In modern terms, it is understood that energy, but not force, is conserved. The details of this, in respect to the German-to-English renditions of the term "kraft", however, do not seem to have solidified into the late 19th century.


In 1837, German chemist Karl Mohr gave one of the earliest statements of the conservation of kraft: [3]


“Besides the fifty-four known chemical elements there is in the physical world one agent only, and this is called Kraft. It may appear, according to circumstances, as motion, chemical affinity, cohesion, electricity, light and magnetism; and from any one of these forms it can be transformed into any of the others.”

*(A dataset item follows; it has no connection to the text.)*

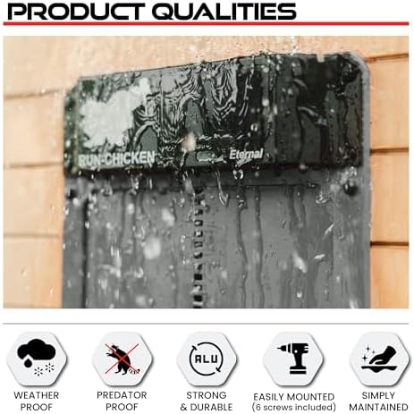 RUN-CHICKEN Door (Gray) Solar Chicken Coop Door, Battery Powered Automatic Chicken Coop Door, Programmable Electric Chicken Door with Timer, Light Sensor, Solar Powered, Eternal
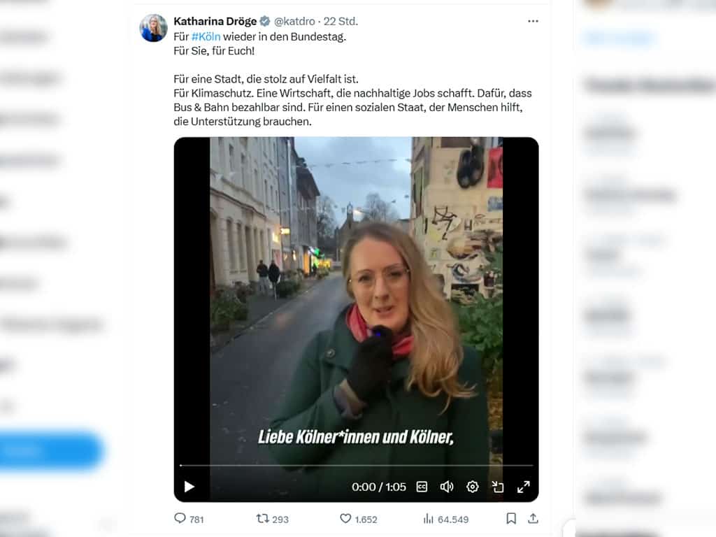 Köln | Die grüne Fraktionsvorsitzende und Kölner Direktkandidatin für den Deutschen Bundestag Katharina Dröge hat vor 22 Stunden ein Video auf ihren Kanal bei „X“ hochgeladen. Sie will von den Kölner:innen in ihrem Wahlkreis Köln III eingeladen werden. Na dann.

In the late 1840s, using conclusions reached by Mayer and Joule, Helmholtz formulated, very clearly, the existence of the law of conservation of energy or of “force” (as energy was called at that time). [7] Specifically, in 1847 Helmholtz stated an equivalent version: “vital heat is the product of mechanical forces within the organism; all heat is related to ordinary forces” and that: [6]

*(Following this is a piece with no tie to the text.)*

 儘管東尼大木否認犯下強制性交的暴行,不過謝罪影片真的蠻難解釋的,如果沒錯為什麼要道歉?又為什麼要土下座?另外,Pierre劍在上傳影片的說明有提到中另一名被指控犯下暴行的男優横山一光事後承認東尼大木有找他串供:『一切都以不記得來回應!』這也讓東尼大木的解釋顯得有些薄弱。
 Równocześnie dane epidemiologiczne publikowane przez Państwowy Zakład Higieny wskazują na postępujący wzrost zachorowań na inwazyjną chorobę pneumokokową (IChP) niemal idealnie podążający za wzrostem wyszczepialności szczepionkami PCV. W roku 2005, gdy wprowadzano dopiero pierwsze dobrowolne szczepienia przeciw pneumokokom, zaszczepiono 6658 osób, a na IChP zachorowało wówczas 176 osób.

Force itself can never be destroyed.”

One of Helmholtz' more famous publications on this subject was a series of lectures delivered at Karlsruhe, in the winter of 1862, titled “On the Conservation of Force”. [8] Helmholtz introduced the subject by stating that “the last decades of scientific development have led us to the recognition of a new universal law of all natural phenomena”, which asserts that:

“The quantity of force which can be brought into action in the whole of nature is unchangeable, and can neither be increased nor diminished.”

Using the example of gravity, one of the fundamental forces, Helmholtz shows how gravity can be used to do work by detailing the actions of a falling weight that drives the workings of a clock. Although the weight will have lost it capability to perform work when it reaches the floor, it will not lose its force, in that gravity remains. The amount of work can then be determined by the weight times the distance travelled.

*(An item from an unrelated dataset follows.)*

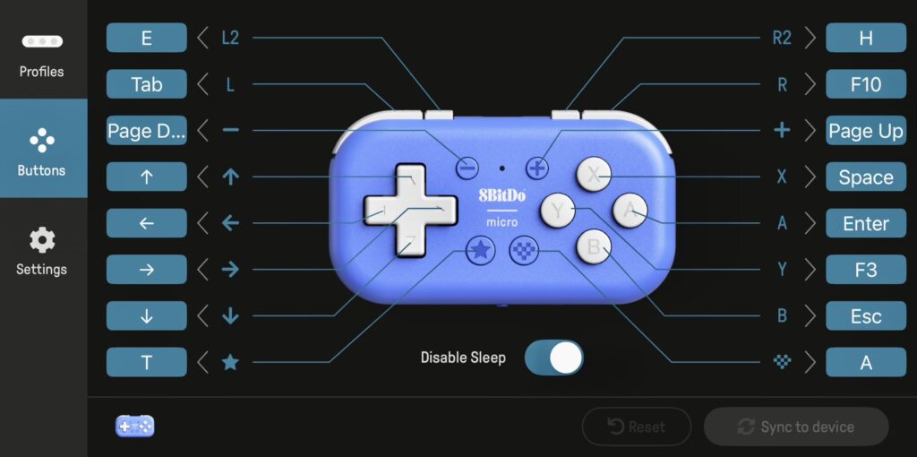 各端末との接続はBlutoothで、ボタンの設定もスマホに8BitDoのアプリを入れて行います。

Heat can also produce work, such as in the operation of a steam engine. Here, Helmholtz recalls the point that heat must not be considered as a substance but merely as a movement of internal particles. This is in contrast to the older views in which heat was considered as a type of substance called caloric or, before that, phlogiston, whose amount was believed to be constant. The amount of heat needed to melt a piece of ice is the same, for instance, as the amount of heat that must be extracted to refreeze the water. Helmholtz explained, however, that as soon as heat is converted into work, that an equivalent amount of heat is destroyed or “consumed” using the terminology of Rudolf Clausius.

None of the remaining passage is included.